Basharat Usman, Zhang Wenjing, Han Cuihong, Khan Shoukat Husain, Abbasi Arshad, Mahroof Sehrish, Li Shuxin
Key Laboratory of Groundwater Resources and Environment (Jilin University), Ministry of Education, Changchun 130021, China; College of New Energy and Environment, Jilin University, Changchun 130021, China.
Key Laboratory of Groundwater Resources and Environment (Jilin University), Ministry of Education, Changchun 130021, China; College of New Energy and Environment, Jilin University, Changchun 130021, China.
Ecotoxicol Environ Saf. 2025 Sep 1;302:118610. doi: 10.1016/j.ecoenv.2025.118610. Epub 2025 Jul 2.
Groundwater quality monitoring is crucial for protecting the environment and human health. Machine learning (ML) offers substantial potential for enhancing groundwater quality prediction, classification, and identification of pollution indicators. This study evaluates various base ML algorithms and stacking ensemble classifiers (meta-classifiers) using data from 90 groundwater samples collected in District Bagh, Azad Kashmir, Pakistan. The aim was to establish a reliable method for predicting groundwater quality classification. Six supervised machine learning classifiers were utilized, namely Logistic Regression (LR), K-Nearest Neighbours (KNN), Decision Trees (DT), Support Vector Machines (SVM), Random Forest (RF), and Extreme Gradient Boosting (XGB). These classifiers, along with their corresponding meta-classifiers (Meta-LR, Meta-KNN, Meta-DT, Meta-SVM, Meta-RF, and Meta-XGB), were developed and compared to evaluate their effectiveness in classifying and predicting groundwater quality. Evaluation metrics such as precision, recall, F1-score, accuracy, R, RMSE and ROC curves were used to assess classifiers' performance. Among all the classifiers, SVM and its meta-classifier (Meta-SVM) emerged as the most effective, achieving the highest accuracy score of 0.85-0.89, F1-score (0.88-0.89), R (0.88-1), RMSE (6.72), and Area Under the Curve (AUC) of 0.795. Meta-classifiers achieved better performance than base models for LR (0.85-0.92), SVM (0.88-1.00), and XGB (0.52-0.89). The study also identified key pollution indicators influencing groundwater quality in the area, such as Total Dissolved Solids (TDS), Sulphate (SO), and Nitrate (NO). These indicators showed an increasing trend over time. The research highlights the potential of ML techniques, particularly SVM and meta-SVM, in predicting groundwater quality based on key pollution indicators. The findings underscore the importance of ongoing monitoring and predictive modeling in managing groundwater resources effectively and mitigating pollution impacts. Future applications could refine models and expand datasets to enhance predictive accuracy and applicability across regions and conditions.
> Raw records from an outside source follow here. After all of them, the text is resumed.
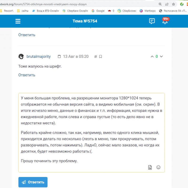 У меня большая проблема, на разрешении монитора 1280*1024 теперь отображается не обычная версия сайта, а видимо мобильная (см. скрин). В итоге исчезло меню, данные о финансах и т.п. информация, которая нужна в ежедневной работе, поля слева и справа пустые и широкие (то есть дело явно не в недостатке места).
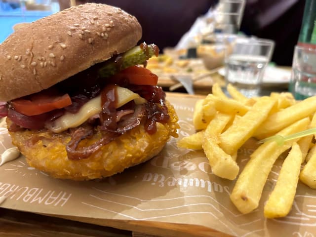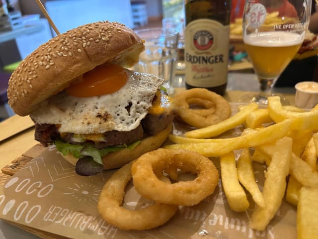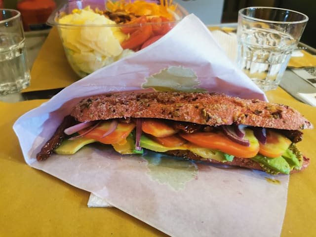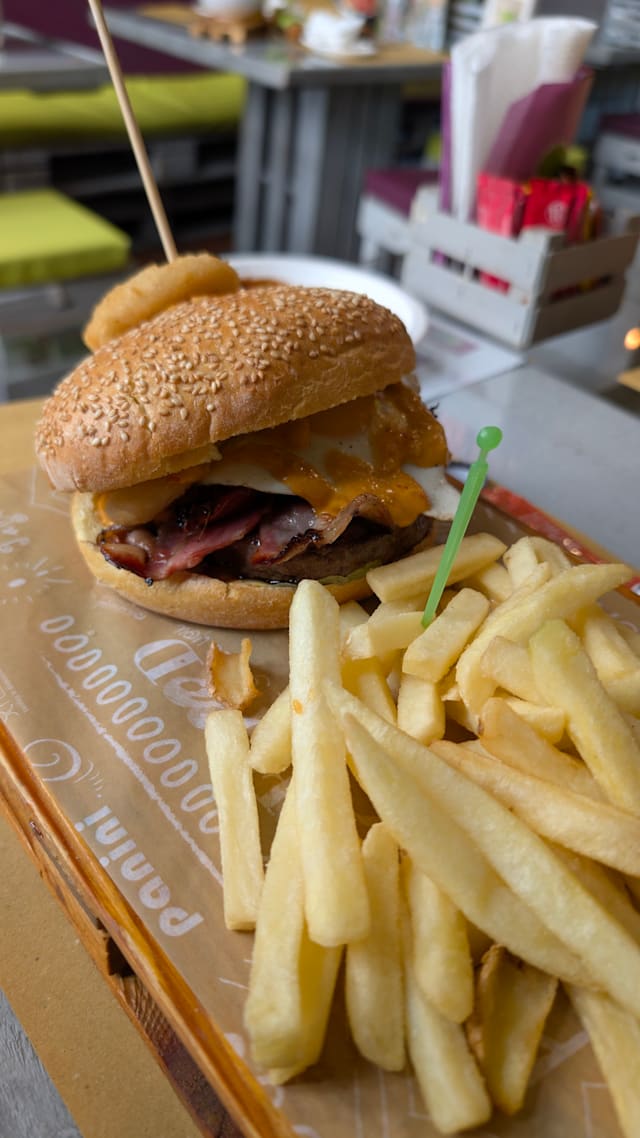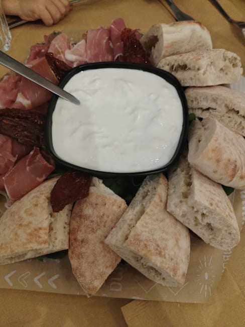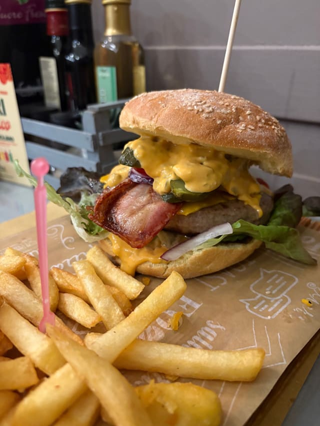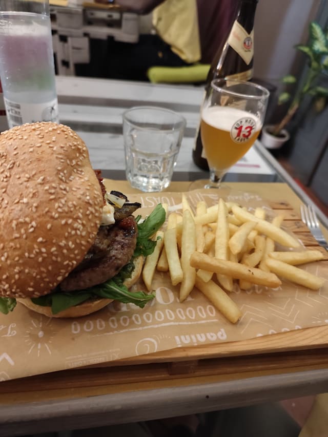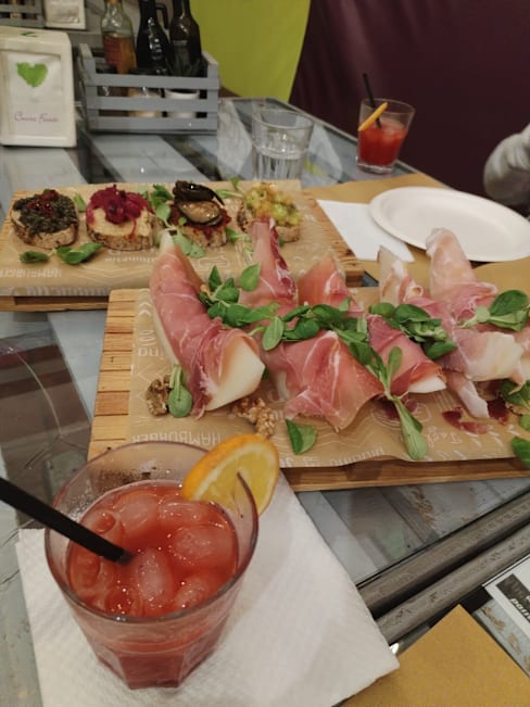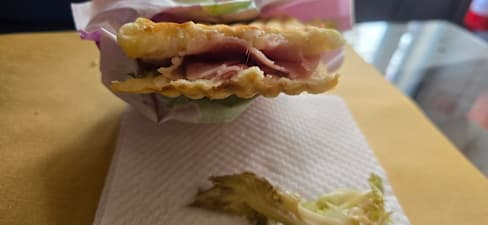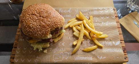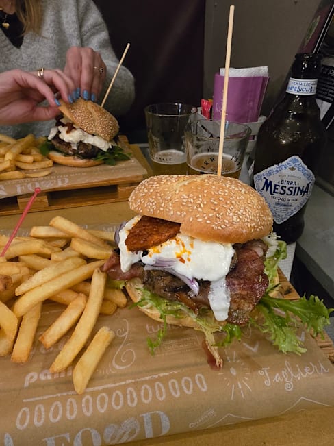 5/10The focaccia was a disappointment. It wasn't what we know focaccia to be at all. It was more like a thin toast with premium but tasteless ham and cheese. The lettuce was warm, soft and dry with a bitter taste and we removed it from the toast. The burger was passable. It came with fries but they were very few (the photo was after I'd eaten 2-3 fries. Still depressing). The burger was a bit cold and the taste wasn't anything to die for. The patty looked like it was from frozen meat that they defrosted and threw on a pan for a few minutes. Not a hint of juices. Dry and light taste. The sauce is something like the Ketchup - Mayo sauce from Heinz. The rest of the toppings were fine. Prices were okay. €8.40 for this burger and €4.80 for the focaccia is expected. €1.50 coperto charge each is also normal for Italy. We were supposed to get 20% off through The Fork but we weren't given the discount. The lady that served us was nice. Not recommended.
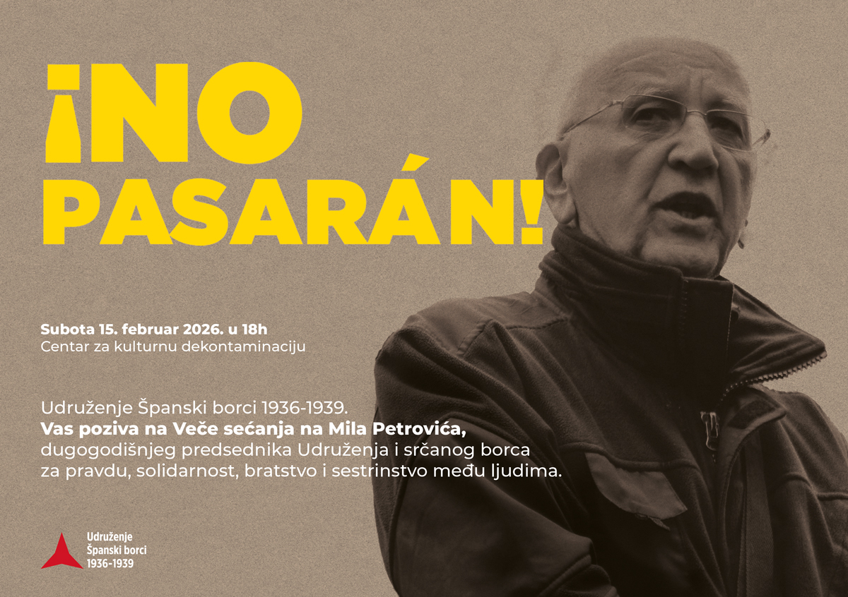 Udruženje „Španski borci“ poziva na veče sećanja na Mila Petrovića, dugogodišnjeg predsednika Udruženja i srčanog borca za pravdu, solidarnost, bratstvo i sestrinstvo među ljudima.
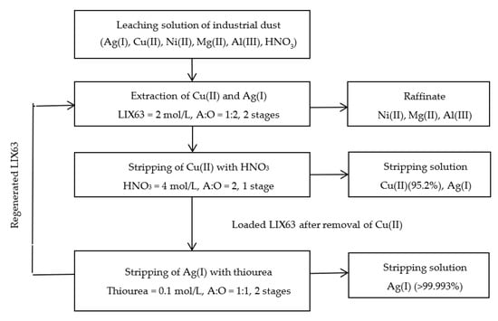 Sun, P.-P.; Kim, T.-Y.; Seo, H.; Cho, S.-Y. Recovery of Copper(II) and Silver(I) from Nitrate Leaching Solution of Industrial Dust via Solvent Extraction with LIX63. Metals 2021, 11, 1300. https://doi.org/10.3390/met11081300

地下水质量监测对于保护环境和人类健康至关重要。机器学习(ML)在增强地下水质量预测、分类以及污染指标识别方面具有巨大潜力。本研究使用从巴基斯坦阿扎德克什米尔地区巴格县采集的90个地下水样本数据,评估了各种基础机器学习算法和堆叠集成分类器(元分类器)。目的是建立一种可靠的方法来预测地下水质量分类。使用了六种监督式机器学习分类器,即逻辑回归(LR)、K近邻(KNN)、决策树(DT)、支持向量机(SVM)、随机森林(RF)和极端梯度提升(XGB)。开发并比较了这些分类器及其相应的元分类器(元LR、元KNN、元DT、元SVM、元RF和元XGB),以评估它们在地下水质量分类和预测方面的有效性。使用精度、召回率、F1分数、准确率、R、均方根误差(RMSE)和ROC曲线等评估指标来评估分类器的性能。在所有分类器中,SVM及其元分类器(元SVM)最为有效,准确率最高达到0.85 - 0.89,F1分数为(0.88 - 0.89),R为(0.88 - 1),RMSE为6.72,曲线下面积(AUC)为0.795。元分类器在LR(0.85 - 0.92)、SVM(0.88 - 1.00)和XGB(0.52 - 0.89)方面比基础模型表现更好。该研究还确定了影响该地区地下水质量的关键污染指标,如总溶解固体(TDS)、硫酸盐(SO)和硝酸盐(NO)。这些指标随时间呈上升趋势。该研究突出了机器学习技术,特别是SVM和元SVM,基于关键污染指标预测地下水质量的潜力。研究结果强调了持续监测和预测建模在有效管理地下水资源和减轻污染影响方面的重要性。未来的应用可以改进模型并扩展数据集,以提高跨地区和条件的预测准确性和适用性。